6.2. The Role of Digital Production in Urban Networks
This study constructed the urban network using data from industry digital production projects, reflecting the characteristics of digital production in the digital economy. This approach better aligns with the practical organization of urban networks through micro-level enterprise activities compared to traditional gravity and headquarter-branch models. The results demonstrate that digital production significantly enhances connections between remote and central regions. For example, digital economy industries in areas such as Xinjiang, Hainan, and Northeast China leverage local tax and policy advantages to establish industrial bases while integrating into the national organizational network through information technology and Internet communication, thus overcoming geographical barriers to communication efficiency. Notably, the geographical distance matrix’s role shifted from a significantly negative coefficient in the competitive protection phase to a positive coefficient in the systematic regulatory phase, providing empirical support for the role of digital production in facilitating long-distance urban information transmission.

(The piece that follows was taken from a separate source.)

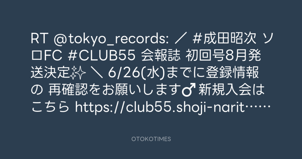 RT @tokyo_records: / #成田昭次 ソロFC🎸 #CLUB55 会報誌📖 初回号8月発送決定✨... -

This study offers a comprehensive perspective on the digital economy and urban networks. However, it identifies two critical issues: despite rapid information flow and policy incentives that facilitate the integration of border areas into the urban network, the network’s spatial layout remains incomplete. Many central inland cities have not achieved a high network status and should leverage their resources to strategically develop digital economy industries with robust local policy support. Additionally, although the density and structural stability of the urban network improved in the systematic regulatory phase, the transmission effect remains significantly negative. This suggests many open triangular structures within the network, indicating a need for enhanced stability. Regional central cities, particularly those excelling in “local buzz” and “regional interaction”, must fully utilize their leadership roles to promote connections with surrounding regional cities and gradually extend these connections to the national network.